Is there a way to use +
unquoted with apply? Yes, there is. You can just evaluate the following code:
(setq + (symbol-function '+))
(apply + '(1 2 3))
This will evaluate to 6
, as expected because as Lisp evaluates (apply + '(1 2 3))
it now finds the functional definition of + stored in +'s value cell.
EXAMPLE 2 - Storing Functional Definitions in Value Cells
Suppose you store a functional definition in the symbol's value cell. This is achieve as follows:
(setq AFunc (lambda (x) (* 10 x)))
Evaluating
(AFunc 2)
generates an error because Lisp cannot find a function in AFunc
's function cell. You get around this by using funcall, which tells Lisp to use the value in the symbol's value cell as a functional definition. You do this using "funcall."
(funcall AFunc 2)
Assuming the functional definition stored in the symbol's value cell is valid,
(funcall AFunc 2) -> 20
You could avoid having using funcall
by placing the lambda form in the symbol's function cell using fset
:
(fset 'AFunc (lambda (x) (* 10 x)))
(AFunc 2)
This code block will return 20
because lisp finds a functional definition in AFunc
's function cell.
EXAMPLE 3 - Local Functions
Say you are writing a function and need a function that won't be used anywhere else. A typical solution is to define a function valid only inside the scope of the main one. Try this:
(defun SquareNumberList (AListOfIntegers)

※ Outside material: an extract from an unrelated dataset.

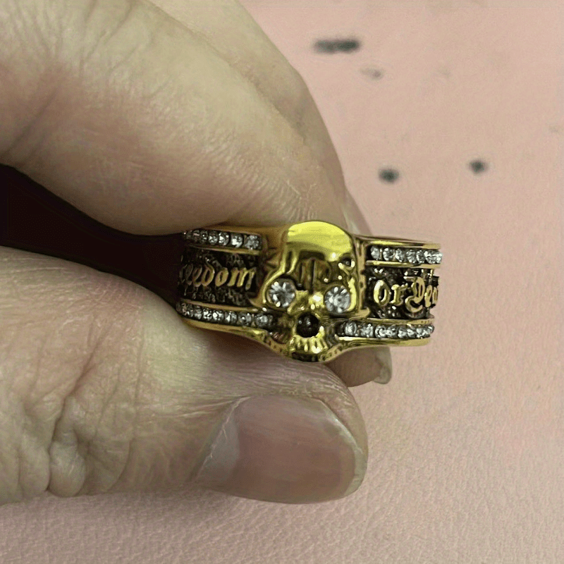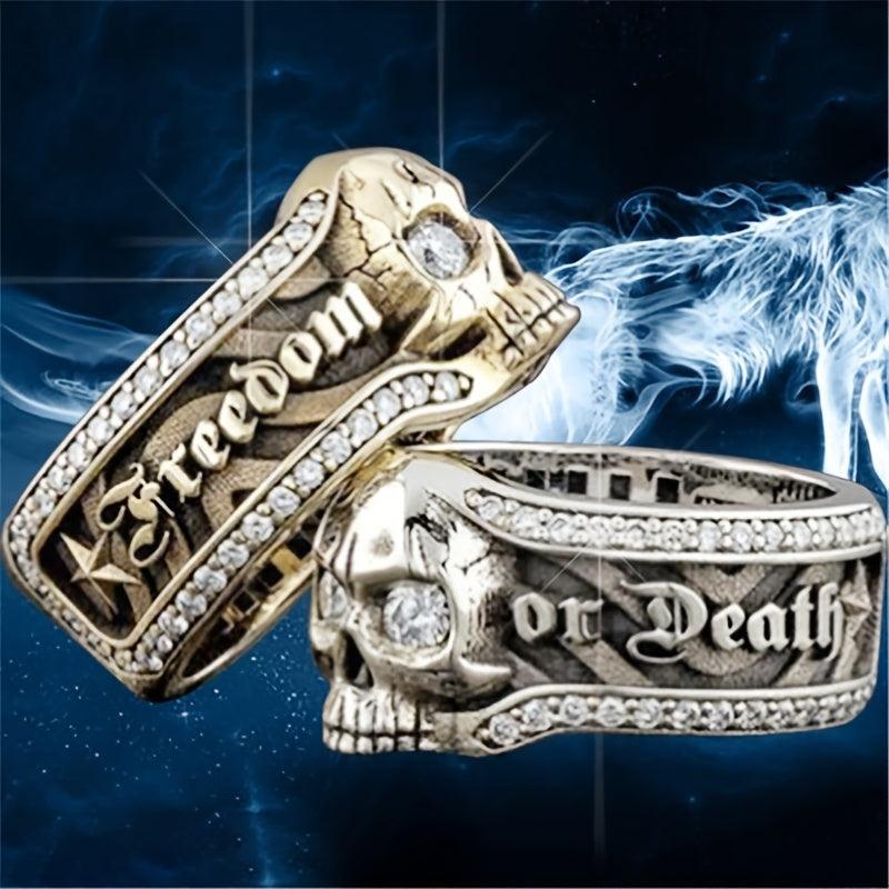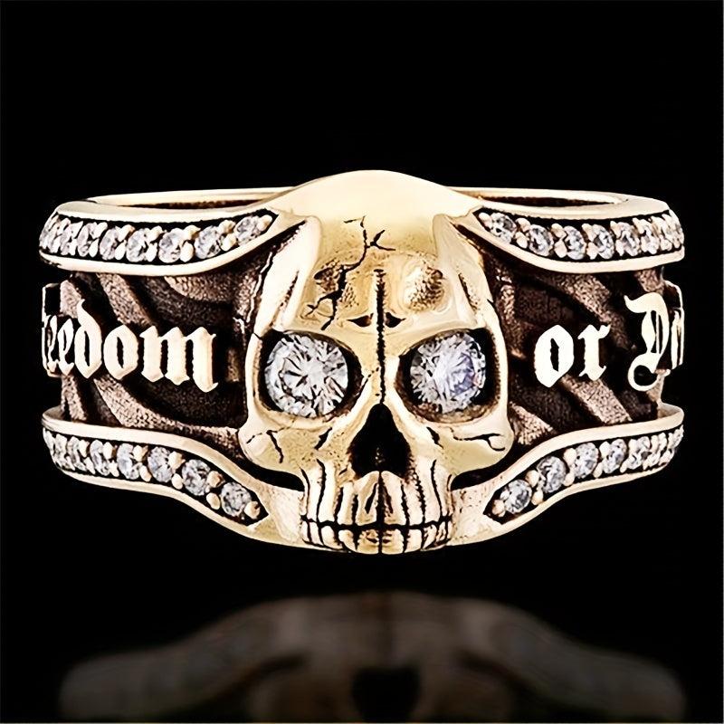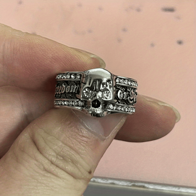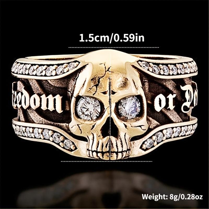 This men's ring features a skull design with a gemstone, perfect for Halloween or adding a punk style to your look. Ideal for hip hop and biker fashion.
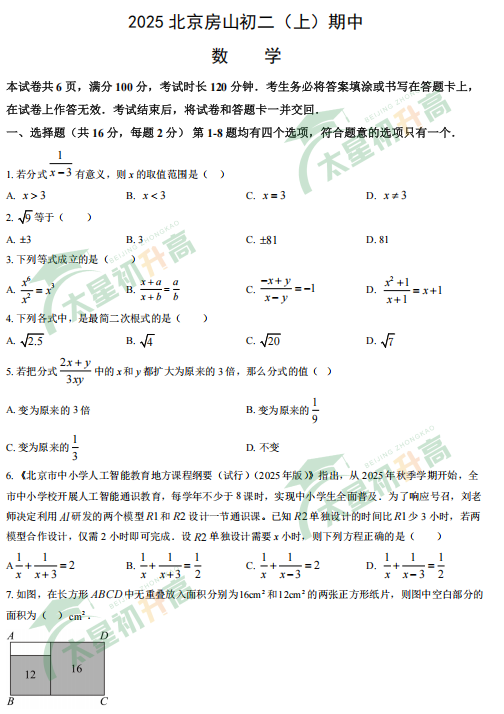 2025-2026学年(上)房山区初二数学期中试卷已出!文末可直接下载试卷!

"A silly function with an unnecessary
local function."
(let ((Square (lambda (ANumber) (* ANumber ANumber))))
(mapcar Square AListOfIntegers)
)
)
(SquareNumberList '(1 2 3))
This code block will return
(1 4 9)
The reason Square is not quoted in the above example is that S-expression is evaluated according to the rules I outlined above. First, Lisp pulls the functional definition of mapcar
. Next, Lisp pulls the contents of its second argument's (e.g. 'Square) value cell. Finally, it returns (1 2 3)
unevaluated for the third argument.
EXAMPLE 4 - Contents of a Symbol's Value and Function Cells
Here is one case when quotes are required.
(setq ASymbol "Symbol's Value")
(fset 'ASymbol (lambda () "Symbol's Function"))
(progn
(print (format "Symbol's value -> %s" (symbol-value 'ASymbol)))
(print (format "Symbol's function -> %s" (symbol-function 'ASymbol)))
)
The above code will evaluate to
"Symbol's value -> Symbol's Value"
"Symbol's function -> (lambda nil Symbol's Function)"
nil
Quote are required in
(fset 'ASymbol (lambda () "Symbol's Function"))
and
(symbol-value 'ASymbol)
and
(symbol-function 'ASymbol)
because otherwise Lisp would get the value of ASymbol in each case, preventing fset
, symbol-value, and symbol-function from working correctly.
I hope this lengthy post proves useful to someone.